Based mostly on the summery Italian flavors of eggplant, zucchini, tomatoes, beans, olives, and herbs, this flavorful gluten free, vegan Baked Italian Eggplant Casserole takes solely about 10 minutes to get into the oven. You can also make this wholesome eggplant recipe with no added salts, sugar, and oil to suit into your complete meals plant based mostly way of life.
Tomato Sauce:
Greens:
Topping:
½ cup shredded plant-based cheese (might substitute with 1/2 cupcashew cream)
Preheat oven to 375 F.
Make the tomato sauce by combining in a medium bowl marinara sauce, olive oil (non-obligatory), garlic, Italian seasoning, and black pepper.

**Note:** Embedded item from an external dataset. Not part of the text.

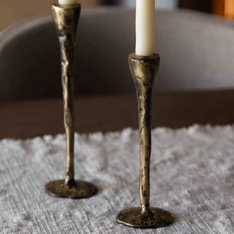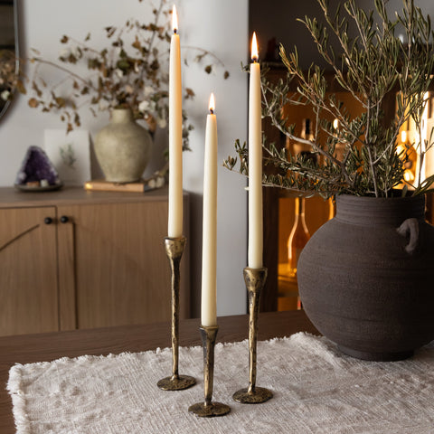 Elevate your space with this set of three hand-forged brass candlesticks, thoughtfully crafted in northern Greece.
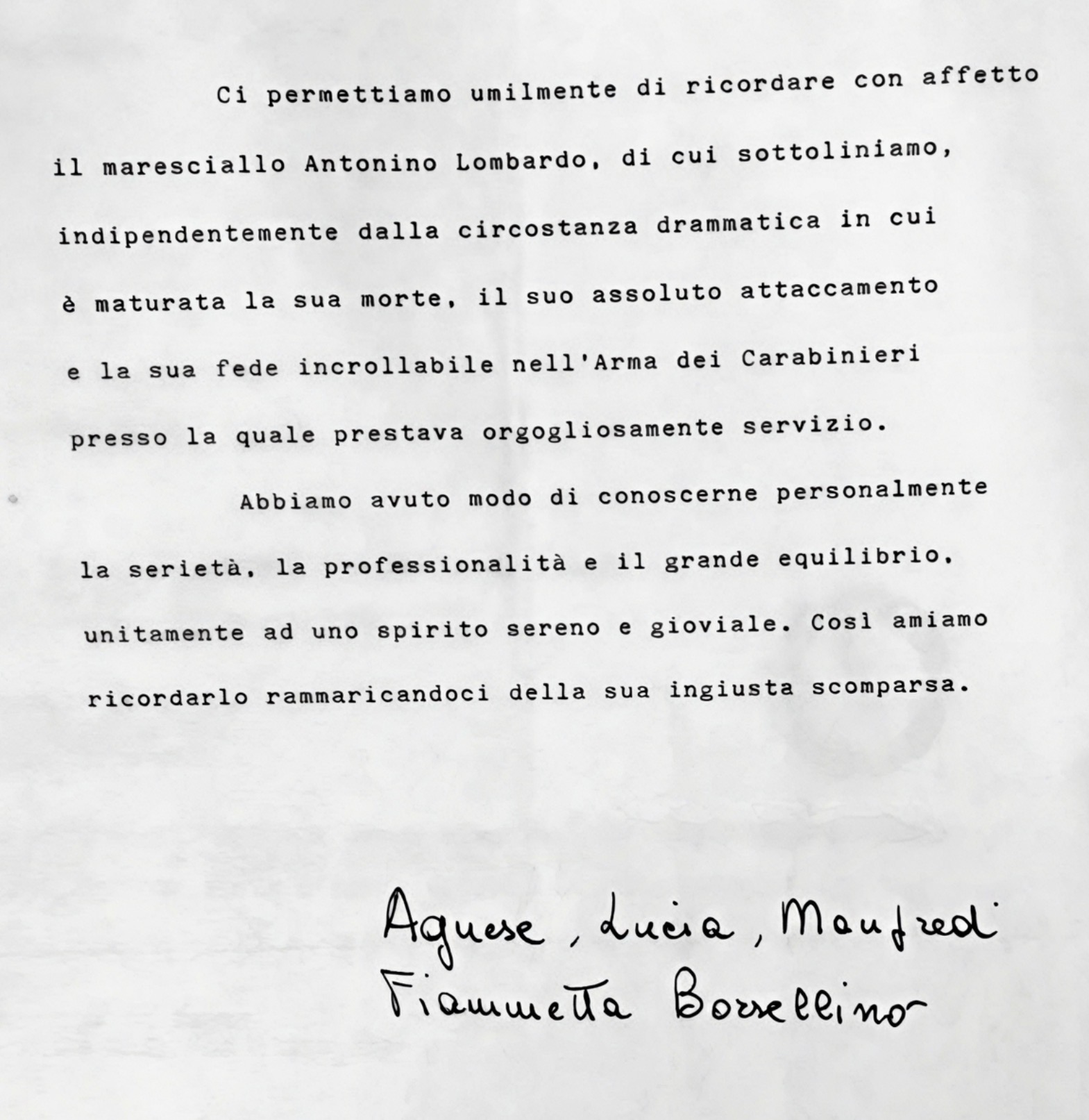 “Ci permettiamo umilmente di ricordare con affetto il maresciallo Antonino Lombardo, di cui sottolineiamo , indipendentemente dalla circostanza drammatica in cui è maturata la sua morte, il suo assoluto attaccamento e la sua fede incrollabile nell’Arma dei Carabinieri presso la quale prestava orgogliosamente servizio.Abbiamo avuto modo di conoscerne personalmente la serietà, la professionalità e il grande equilibrio, unitamente ad uno spirito sereno e gioviale. Così amiamo ricordarlo rammaricandoci della sua ingiusta scomparsa.

In a massive baking dish (9 x 13-inches), layer half of the eggplant, zucchini, onion, olives, and beans.
Pour half of the tomato sauce over the greens.
Layer the remaining greens—eggplant, zucchini, onion, olives and beans.
Pour over the remaining tomato sauce.
Sprinkle with plant-based cheese. (or dot with cashew cream)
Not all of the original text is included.